Two months had been spent trying to make a dent in my credit card debit, Thursday through Monday pulling pints, Tuesday and Wednesday labouring.

It was fair to say, my London life was starting do my head in. It was time to rattle the cage. I made some calls. Enter Honest Joel and Master Shackleberry. Two likely lads all the way from the antipode bush.

Being the site of London’s old docks, Greenwich has a pub on every corner. Our goal was to sample the fare of as many as we could in one day. A good old-fashioned pub-crawl:

10am, at the the Dick for breakfast pints. 11:30am, next door to the Union for brunch pints. 1pm, to the Mitre for bangers and mash for lunch washed down with a pint. High tea (pints and crisps) at  St Christopher’s. Up the hill to The Hill, to join the masses for “knock off” pints. And so it continued. The exact details of the night are a little hazy but at about 11pm Shacks caught the tube back to his digs in Wimbledon. I convinced Joz to crash on my floor back at the Lion, I had removed the dead bolts from the window in my room so it was simply a matter of scaling the front of the building and climbing in.

The night continued in earnest until we found ourselves in some dingy club that charged eight quid a drink. Realising that all the punters looked as if they had been smashed in the face by a shopping trolley we called stumps.

We wandered drunkenly back to the Lion. Joz gave me a leg up, allowing me to open the window and tumble in. Joz was about halfway up when I got a feeling in my waters. The night was about to take an interesting twist.

A “Rees, I think we’re nicked” from Joz confirmed as much.

Two Bobbys, on night patrol, deemed that it was their obligation to enquire as to the rationale behind a 3am climb into the first floor window of a pub by two piss-wrecked Australians.

It was my place of employment and abode, I explained.

Unconvinced, they sensibly asked why we had opted out of using the front door.

I outlined the complicated constraints of my accommodation arrangement at the Lion.

They understood but explained that were required to confirm my story with the manager.

I explained that would most likely cost me my job.

They understood but explained that were required to confirm my story with the manager.

I gave them Henry’s number.

They called.

A brief discussion ensued then Henry poked his head out of the second storey window.

He unleashed a frightful tirade.

I responded in kind.

In no uncertain terms, he told me that we would sort out our differences in the morning and he told Joz that the Lion’s doors weren’t open to lads of his sort.

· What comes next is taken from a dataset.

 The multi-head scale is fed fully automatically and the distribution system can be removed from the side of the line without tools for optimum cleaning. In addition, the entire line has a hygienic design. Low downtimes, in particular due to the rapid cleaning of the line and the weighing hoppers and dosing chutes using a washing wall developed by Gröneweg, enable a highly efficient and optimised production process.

This turn of events left Joz in a bit of a pickle. It was 4am on a cold, damp London night and he was a long way from his bed. Opting for the only sensible option, he decided to lodge an application for a night in the warmth and comfort of the holding cell.

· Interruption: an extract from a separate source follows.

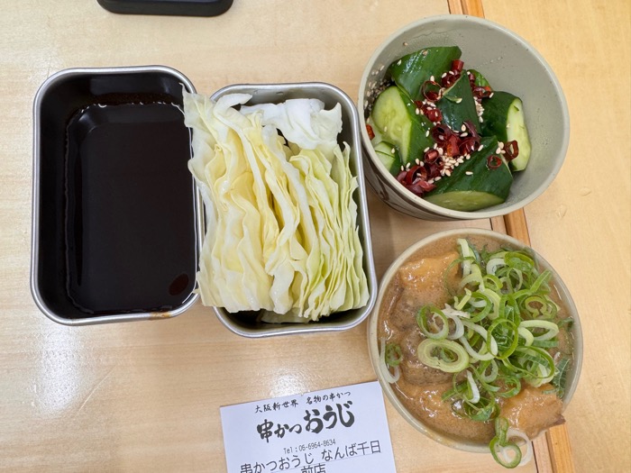 분명 내 기억 속 오사카 쿠시카츠는 샤브샤브처럼 직접 자리에서 튀겨먹는 꼬치였는데, 요즘은 그런 시스템이 없어진 듯., 어딜 가도 튀겨서 갖다주는 곳 뿐이었다. 게다가 이 집은 세트 구성이 그냥 그랬음. 굳이 간다면 단품주문 추천. (배가 불러서였을 지도?)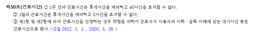 주 52시간 = 법정근로시간 40시간 + 연장근무 12시간 입니다.

Joz began his impromptu interview by conveying to Henry his initial impressions of him. He then proceeded to share his impressions of the two Bobbies with the entire neighbourhood. He capped this virtuoso performance with a fly kick to the back of the Bobby mobile.

I was impressed. I even think Henry was impressed. Unfortunately, the two Bobbies weren’t and to show this displeasure they decided not to arrest him. Instead, leaving him to the London cold.

Disheartened, Joz wandered off to get a minicab (so he said) and I closed my window and began to pack.

At 8:00am Henry and I briefly resumed our discussion from the previous night. At 8:08am my employment at the Lion was ceased by mutual agreement.

I bid farewell to Billy and made my way out.

Walking up the street I called Joz, he had slept in the train station elevator down the road, not as good as a holding cell but cheaper than a minicab.